Gaussian Noise and Mean Squared Error


In this post I approach parameter estimation in linear regression from two seemingly different perspectives, which end up with the same solution. This may be trivial to most people but I only made the connection recently and find it cool.

In a linear regression setting, we want to explain our response, $y$, using a linear combination of covariates, $X$. The question is how to estimate the parameters, $\beta$, of this linear funciton. The first approach would be to make an assumption about the distribution of errors and use this to form a likelihood function from which we can do maximum likelihood estimation. A second approach could be to completely by-pass any distributional assumption on the error and instead, choose a loss function to minimize.

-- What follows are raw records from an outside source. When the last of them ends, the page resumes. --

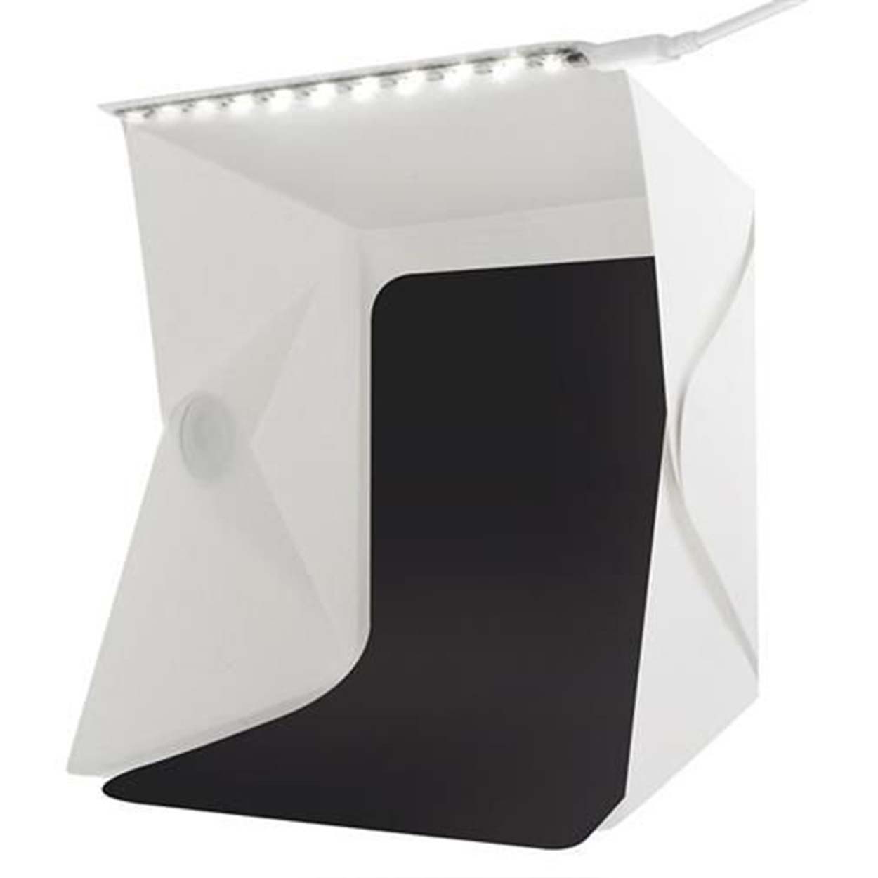 Tingelo Hemelektronik Foto, video & övervakning Studioutrustning Fototält / ljustält – skugglös produktfoto – 20 LED, USB, vit svart bakgrund
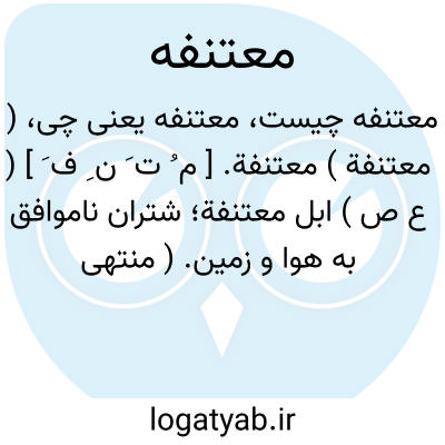 ( معتنفة ) معتنفة. [ م ُ ت َ ن ِ ف َ ] ( ع ص ) ابل معتنفة؛ شتران ناموافق به هوا و زمین. ( منتهی الارب ) ( آنندراج ) ( از ناظم الاطباء ) ( از اقرب الموارد ).
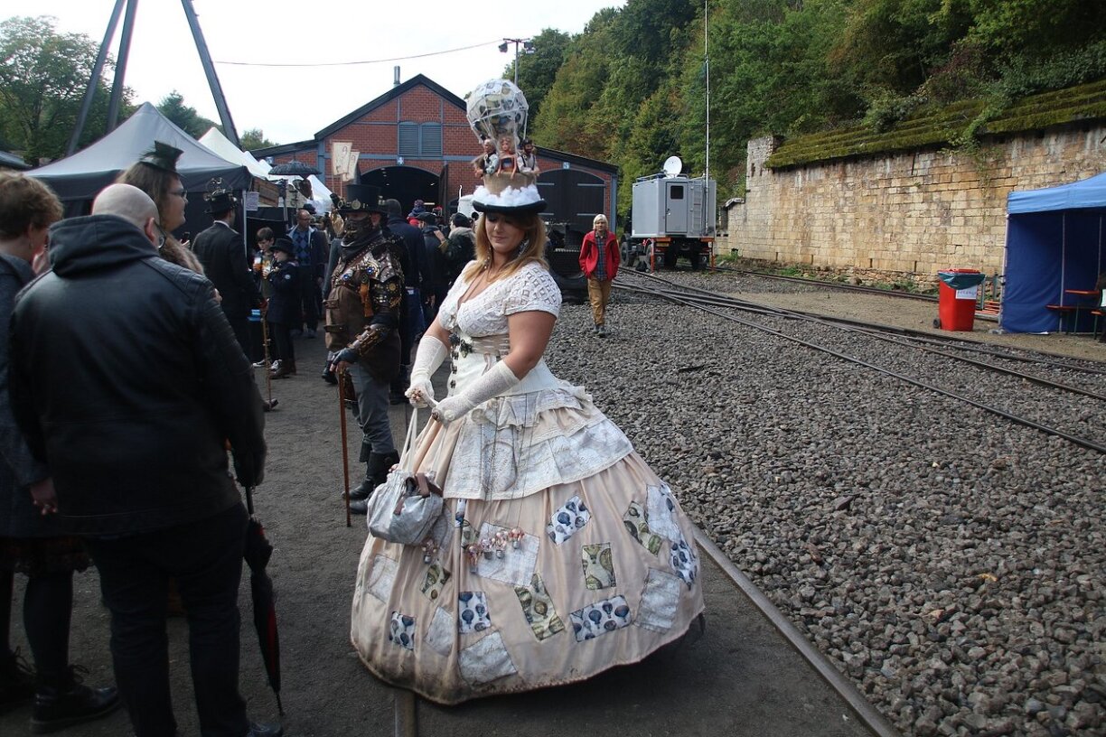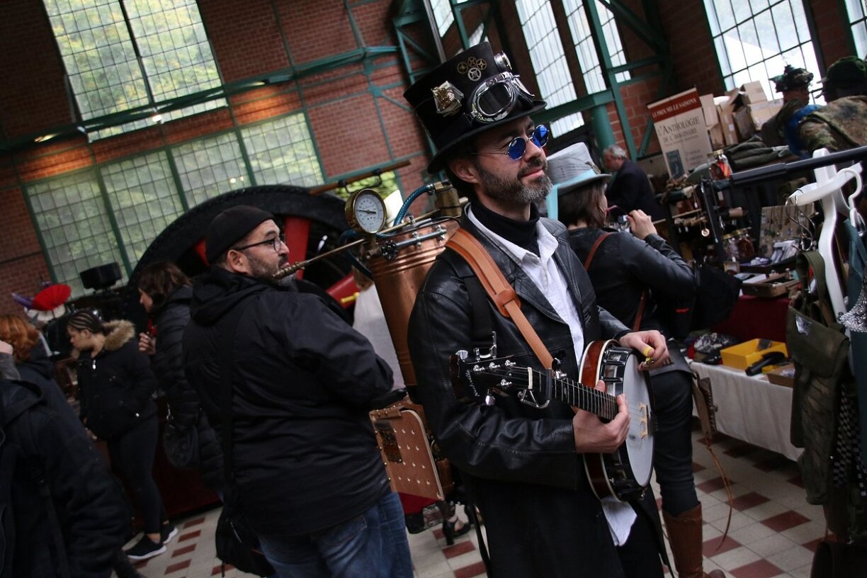 The organizers of the event describe it as “a unique world in which the steam engine and electricity are the sole sources of energy. The aesthetics of this movement, in which the scenery of the show is inspired by the industrial architecture of the late 19th century, is occupied by women in long dresses and men in top hats”.

At a high level these 2 approaches seem different enough, but as you peel a couple layers back, they’re identical for mean squared error loss and Gaussian noise, which are the two most common assumptions of loss function or error distributions.

Approach 1: Maximum Likelihood Estimation

In order to do maximum likelihood estimation, we need a statistical model for the data. With the assumption of Normally distributed additive errors, the model of the data becomes:

\[y_i = X_i\beta + \epsilon_i, \qquad \qquad \epsilon_i \sim N(0, \sigma^2)\] \[y_i \sim N(X\beta, \sigma^2)\]

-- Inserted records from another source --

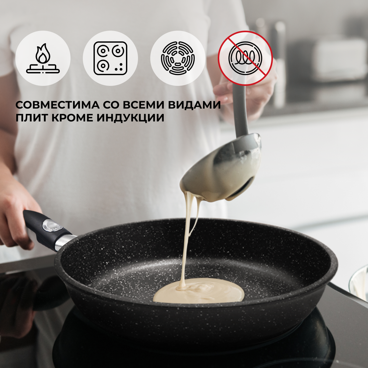 Сковорода Victoria АЛА 280 со съемной ручкой "гранит", черн. с бел.крапинками G0328
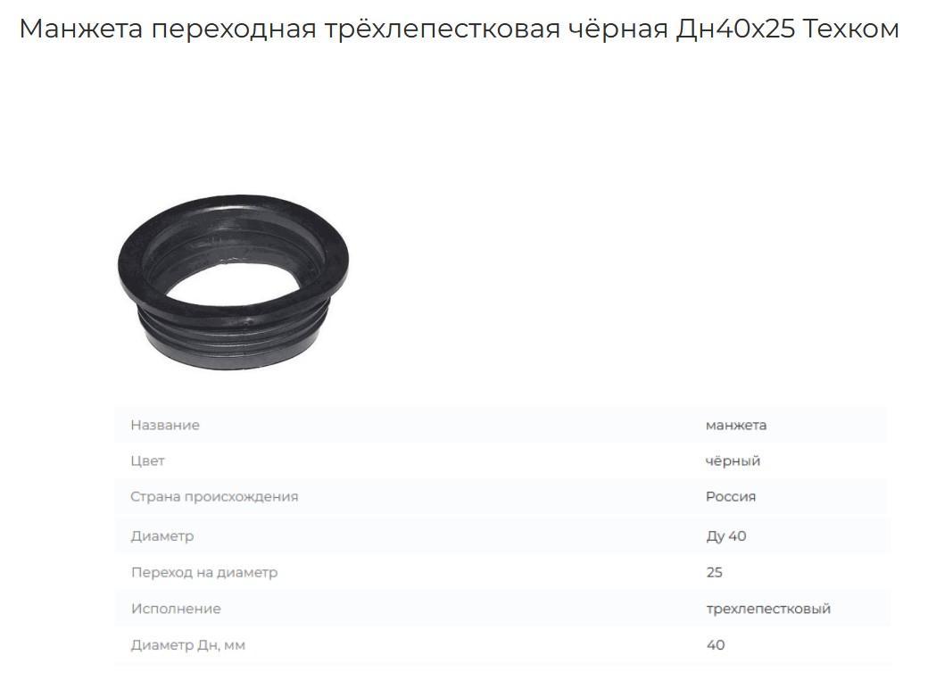 Манжета перех черный Дн40х25 трехлепестковый Техком
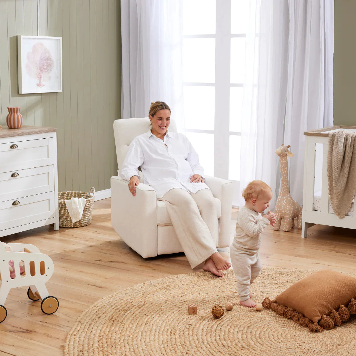 Meet Paige in our fresh, Sea Shell fabric. A glider recliner nursing chair designed to complement a home of clean lines and a minimalist style for ease, comfort and support while nursing your baby. The Paige nursery recliner chair provides so much gliding comfort and will last a lifetime in your home, without looking out of place thanks to with its timeless design that which will complement any nursery design.

And the likelihood and log-likelihood function follow naturally:

\[L(\beta) = \prod_{i = 1}^n f(x_i)\] \[L(\beta) = \prod_{i = 1}^n \frac{1}{\sqrt{2\pi\sigma^2}} \exp{\{\frac{-1}{2\sigma^2}(y - X\beta)^T(y - X\beta)\}}\] \[l(\beta) = \sum_{i = 1}^n -\frac{1}{2}\log(2\pi \sigma^2) - \frac{1}{2\sigma^2}(y - X\beta)^T(y - X\beta)\]

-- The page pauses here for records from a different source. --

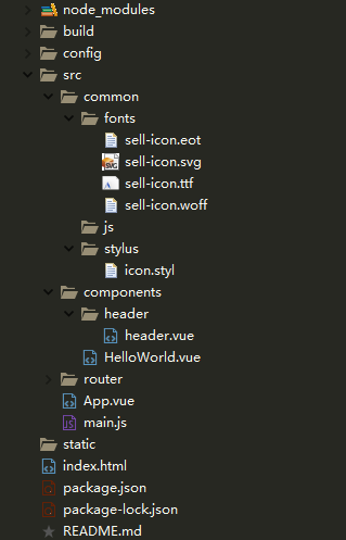 设计好项目目录,将fonts文件夹下的文件复制粘贴进项目中,将style.css复制粘贴进stylus目录中,并改名为icon.styl,同时将里面的内容改为stylus语法
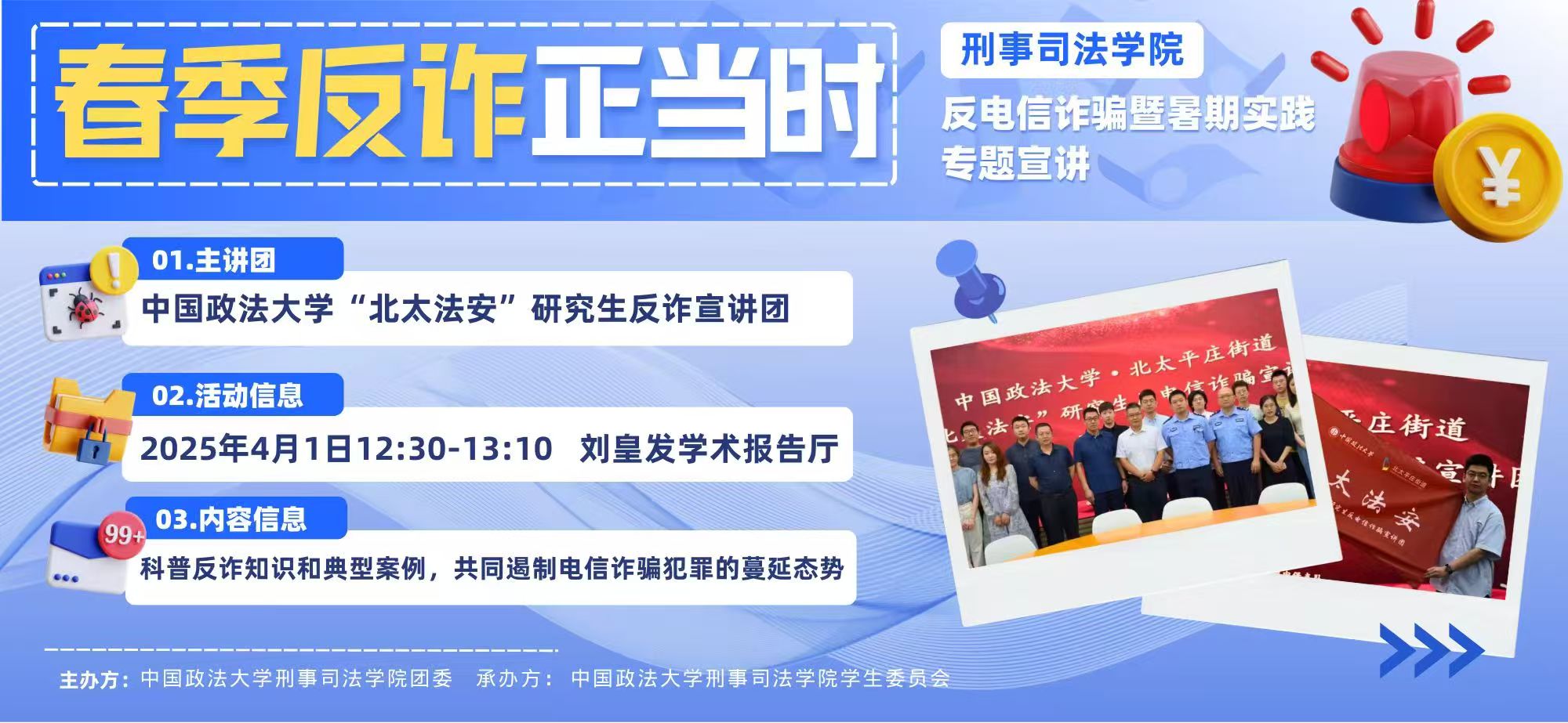 现将刑事司法学院春季学期反诈讲座安排通知如下:
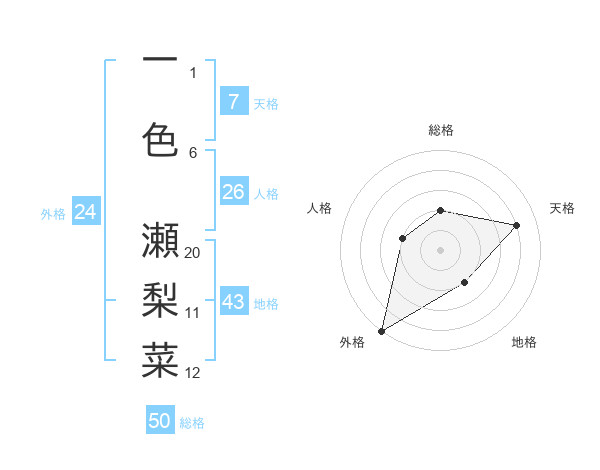 一色 瀬梨菜さんの総格は50画の2点!
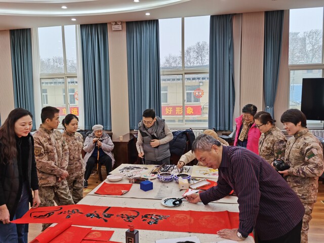 翰墨飘香进军营,春联送福贺新春。为深入贯彻习近平总书记关于双拥工作的重要论述指示批示精神和来陕考察重要讲话重要指示精神,进一步巩固军政军民团结,增进军地军民情谊,推动新时代双拥模范城市建设。2024年2月5日,在春节即将来临之际,西安市边家村工人文化宫送春福小分队走进省军区某干休所开展了“送万福 进万家”迎新春书画进军营双拥文化活动,为老战士、老英雄及全体官兵、家属送上新春的祝福。
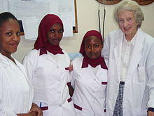 Hamlin's efforts to end fistula saw her lead a program of preventing obstetric fistulas through Ethiopia; she believed that midwifery was key to preventing fistulas from occurring in the first place. Hamlin argued that "to put a well trained midwife in every village would soon eradicate obstetric fistulae."[10] In 2007 she founded the Hamlin College of Midwives. Hamlin Fistula Ethiopia recruits students from rural areas, provides a full four-year scholarship for students as they gain their Bachelor of Science (Midwifery) degree. Upon their graduation, students are deployed back to their communities where their skills are needed. As of November 2019, 170 midwives have graduated from the College; 92 are currently studying.[11] Hamlin Fistula Ethiopia has partnered with the Ethiopian government to provide resources and midwives who have graduated from the Hamlin College of Midwives, to 80 government midwifery clinics across regional Ethiopia.

To minimize this with respect to $\beta$, set the partial derivative to zero:

\[\frac{\partial l}{\partial \beta} = \frac{1}{\sigma^2}X^T(y - X\beta) = 0\] \[\hat{\beta_{\text{MLE}}} = (X^TX)^{-1}X^Ty\]

Of course, this isn’t a surprise at all.

Approach 2: Mean Squared Error

Now imagine you’ve never did any statistics and have never heard aobut a distribution, it would be quite difficult to explicitly make a distributional assumption about the errors. However, you still need to find the parameters of the model. To do this, we can minimize the mean squared error between the observed data and the estimated data.

\[J(\beta) = \sum_{i = 1}^n (y - X\beta)^2 = (y - X\beta)^T(y - X\beta)\]

The goal now is:

\[\underset{\beta}{\text{min}} \quad J(\beta) = (y - X\beta)^T(y - X\beta)\]

As usual, set the partial derivative of $J(\beta)$ equal to 0:

\[\frac{\partial J(\beta)}{\partial \beta} = -2X^T(y - X\beta)\] \[\hat{\beta} = (X^TX)^{-1}X^Ty\]

This is the same estimate from approach 1, but we haven’t mentioned any distributions. Given a bit of thought it makes sense, since on the log-scale the Gaussian kernel looks like MSE loss.